_Data section_:
━━━
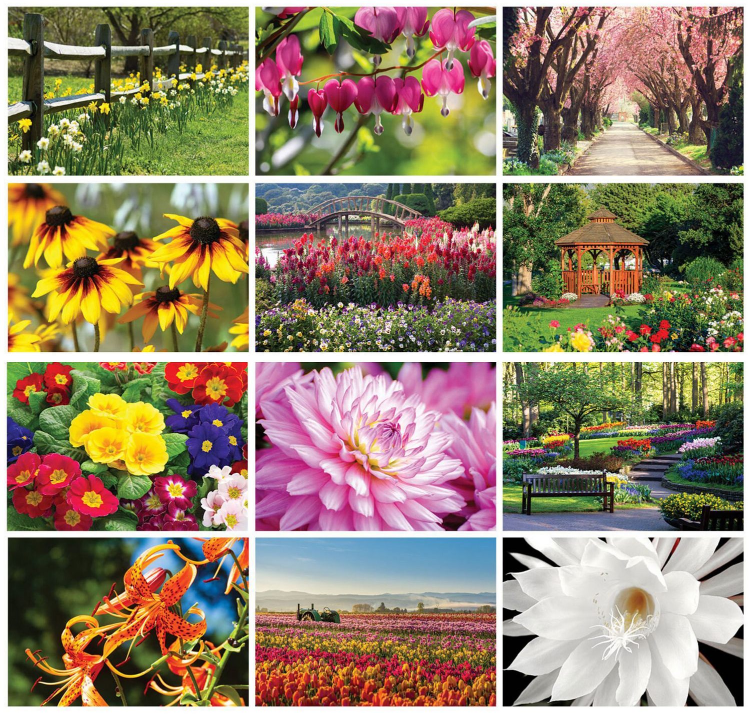 Gardening, Household, Office, Photography, Stitched, Garden Splendor, Wall Display, Holiday, Monthly Grid, 13 Month, Sunflower, Blooming Cactus, Rose, Tulip
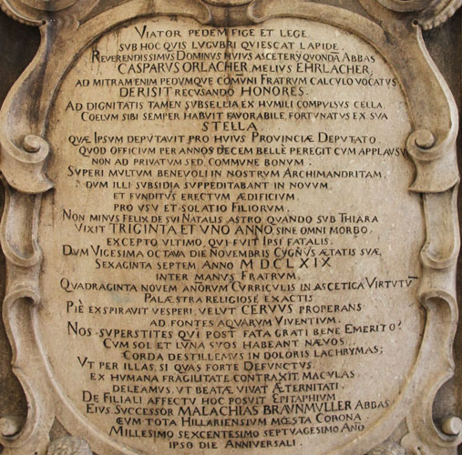 Das letzte hier vorgestellte Epitaph ist auf 1657 datiert und mit sehr viel Vergänglichkeitssymbolik verziert (Gerippe, Totenköpfe, Sanduhren, Sarg, Sense, Schaufel, Knochen, Fledermausflügel). Die nicht namentlich zugeordnete Platte trägt folgende Inschrift: "VIATOR PER COMPENDIVM LEGE LAVDES DEFVNCTI / FVIT HIC IVDEX ANNIS 40 HVIVS DOMVS ET EA / FIDELITATE, VT EVANGELICI SERVI LAVDEM MEREATVR / FVIT OLIM ACATHOLICVS SED FIDE AGNITA ITA IN / ILLAM EXARSIT, VT ALIVM IN ILLO VIDERES PAVLVM / FVIT SVMMVS CVLTOR DEI PARAE, CVI STATVAS ET / ARAS EREXIT SVIS SVMPTIBVS ET AMORE. / QVAERIS LECTOR VBI CVBET EMORTVI ANIMA? / IN SINV DILECTAE. / PVLLATA HOC EPITAPHIV(M) HILARIA POSVIT / ANNO M.D.C.LVII." Das Wappen ist geviert, Feld 1 und 4: eine Lilie, Feld 2 und 3: ein sechszackiger Stern, auf dem bewulsteten Helm ein Paar Büffelhörner. Es handelt sich um Martin Wulff (-13.2.1657), 40 Jahre lang Hofrichter in Wilhering und Ökonom des Stifts. Die Tinkturen sind unbekannt.
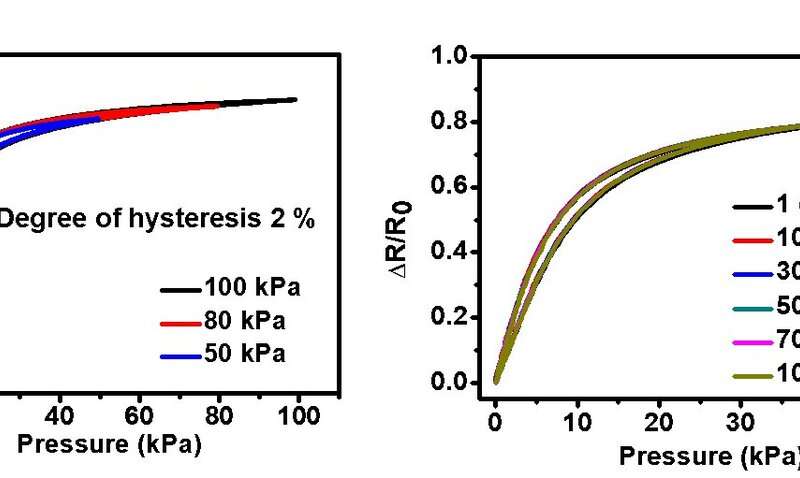 圖2.在不同壓力水平(左)和經(jīng)過(guò)不同循環(huán)次數(shù)(右)后,傳感器的磁滯回線。圖片來(lái)源:韓國(guó)科學(xué)技術(shù)高等研究院(KAIST)
━━━
_About this task_:
The whole listing above needs to be copied exactly; please keep the pictures out.

_Task result_:
 Gardening, Household, Office, Photography, Stitched, Garden Splendor, Wall Display, Holiday, Monthly Grid, 13 Month, Sunflower, Blooming Cactus, Rose, Tulip
 Das letzte hier vorgestellte Epitaph ist auf 1657 datiert und mit sehr viel Vergänglichkeitssymbolik verziert (Gerippe, Totenköpfe, Sanduhren, Sarg, Sense, Schaufel, Knochen, Fledermausflügel). Die nicht namentlich zugeordnete Platte trägt folgende Inschrift: "VIATOR PER COMPENDIVM LEGE LAVDES DEFVNCTI / FVIT HIC IVDEX ANNIS 40 HVIVS DOMVS ET EA / FIDELITATE, VT EVANGELICI SERVI LAVDEM MEREATVR / FVIT OLIM ACATHOLICVS SED FIDE AGNITA ITA IN / ILLAM EXARSIT, VT ALIVM IN ILLO VIDERES PAVLVM / FVIT SVMMVS CVLTOR DEI PARAE, CVI STATVAS ET / ARAS EREXIT SVIS SVMPTIBVS ET AMORE. / QVAERIS LECTOR VBI CVBET EMORTVI ANIMA? / IN SINV DILECTAE. / PVLLATA HOC EPITAPHIV(M) HILARIA POSVIT / ANNO M.D.C.LVII." Das Wappen ist geviert, Feld 1 und 4: eine Lilie, Feld 2 und 3: ein sechszackiger Stern, auf dem bewulsteten Helm ein Paar Büffelhörner. Es handelt sich um Martin Wulff (-13.2.1657), 40 Jahre lang Hofrichter in Wilhering und Ökonom des Stifts. Die Tinkturen sind unbekannt.
 圖2.在不同壓力水平(左)和經(jīng)過(guò)不同循環(huán)次數(shù)(右)后,傳感器的磁滯回線。圖片來(lái)源:韓國(guó)科學(xué)技術(shù)高等研究院(KAIST)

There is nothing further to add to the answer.